Inspiration - Thyroid disorders often go undetected due to vague symptoms and lack of early screening. Inspired by the growing potential of AI in healthcare, we aimed to create a tool that can predict thyroid conditions using patient data—helping users take early action before symptoms worsen.
What it does - The system predicts whether a person is likely to have a thyroid disorder (e.g., hypothyroidism or hyperthyroidism) based on input parameters like symptoms, blood test results, age, gender, and more. It provides a risk percentage and suggests next medical steps.
How we built it - We used a machine learning model (e.g., logistic regression, random forest, or neural network) trained on a labeled thyroid dataset. The platform is built using Python with libraries like Pandas, scikit-learn . typescript,html,css and java script
Challenges we ran into - Finding a clean and balanced dataset for thyroid prediction.
Handling missing or inconsistent data in medical records.
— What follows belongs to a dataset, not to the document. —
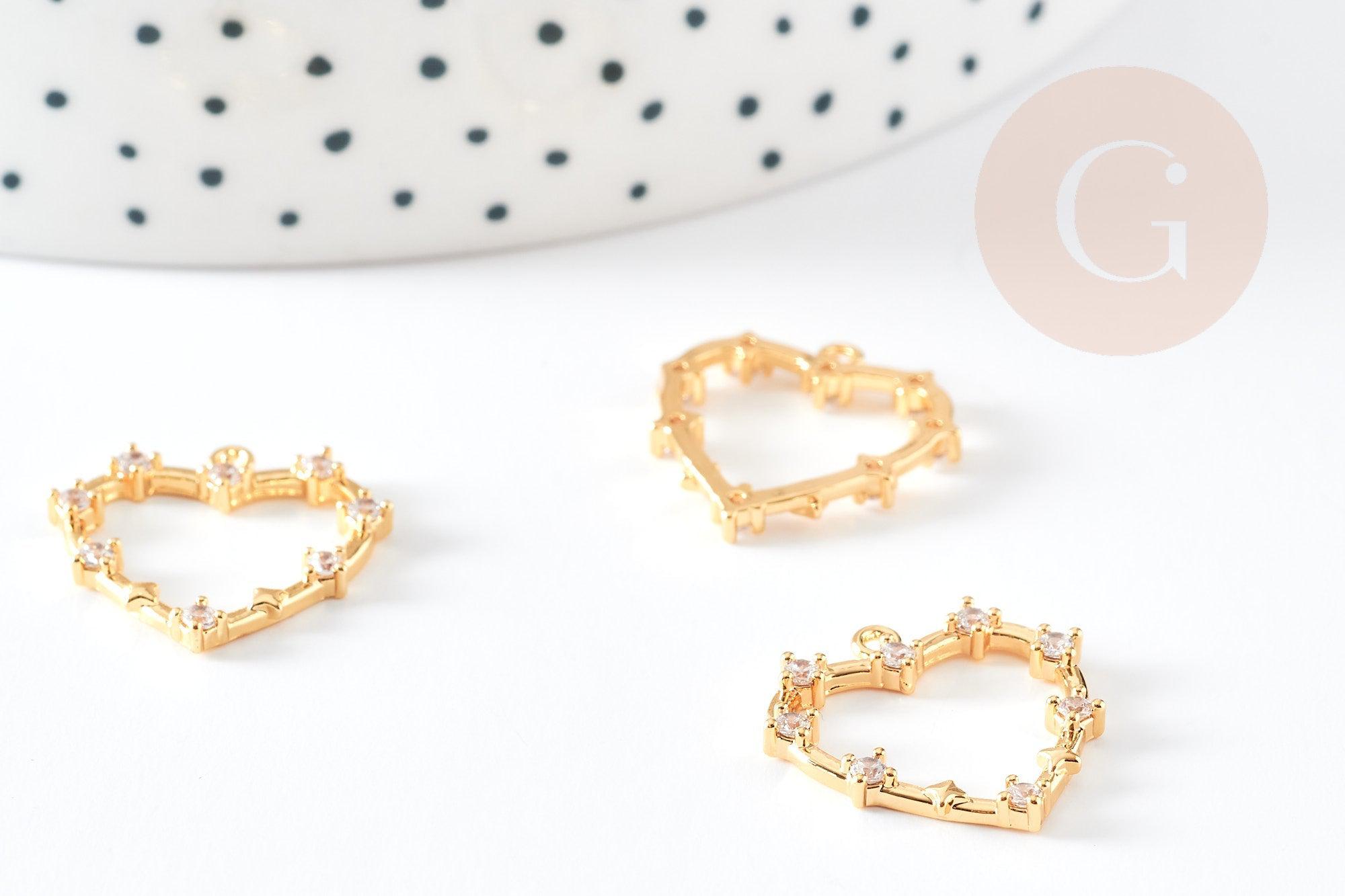 Para crear magníficos collares, pendientes y pulseras, adopte este lindo colgante en forma de corazón, pequeño amor, de latón dorado, decorado con circonitas de colores.

Ensuring the model doesn't overfit due to class imbalance. Building an intuitive interface for non-technical users.
Accomplishments that we're proud of - Achieved over 90% accuracy on the test set.
Developed a user-friendly and responsive prediction interface. Made the system accessible for non-medical users to raise awareness. Successfully applied ML to a real-world healthcare issue.
What we learned - How to handle imbalanced medical datasets.
The importance of feature selection and model evaluation metrics in healthcare.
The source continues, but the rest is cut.